I could even enforce the giving of those tablets against the patient's will, even if they don't actually help their medical condition at all.  I could probably get away with that for about two months by saying I had to give them a fair chance to see if they would help.

Or I could deliberately prolong their mental suffering by hindering their diagnosis, by inventing weird and wonderful theories as to why they are ill, or pretending to be ill.  No one would ever know that I was just playing a game, and I could get away with that one for at least six months. 

If I was a nurse I could mentally and emotionally abuse the patients.  No one would believe them because "they're mental" - paranoid, and delusional.  And family members are just "over protective".

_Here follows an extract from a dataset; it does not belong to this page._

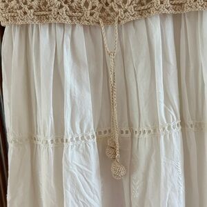 Chic dress with a beige crochet bodice and flowing white skirt. Perfect for casual wear.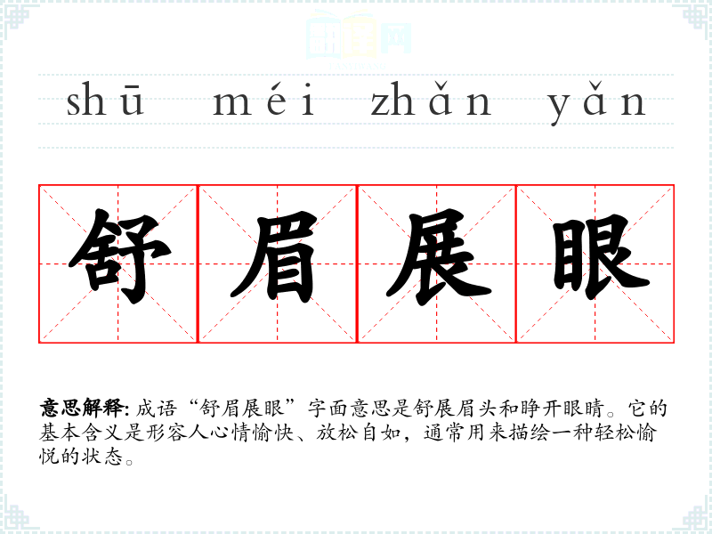 成语“舒眉展眼”字面意思是舒展眉头和睁开眼睛。它的基本含义是形容人心情愉快、放松自如,通常用来描绘一种轻松愉悦的状态。

Or if they needed medical attention for something physical, and I was supposed to arrange tests, I could let them suffer longer and just say it slipped my mind because we're so busy.  I could probably get away with that for weeks.

If I knew that a patient was already a high suicide risk, I could bully that person to increase their anxiety, so that they try to take their own life, and I would be completely irreproachable.

Also, I could "inadvertently" cause someone's death through neglect, you know, like if I was supposed to check on them every 15 minutes but didn't bother.  I might have to go to court, but I wouldn't have to go to prison.  I could just say we were understaffed or something.

But seeing as I'm not a doctor or a nurse, it would be illegal for me to cause pain and suffering to those who did all these things to Mr Man and others.  So they get away with it, and probably continue doing it.  And ten years later I'm still left struggling to come to terms with the injustice of it all.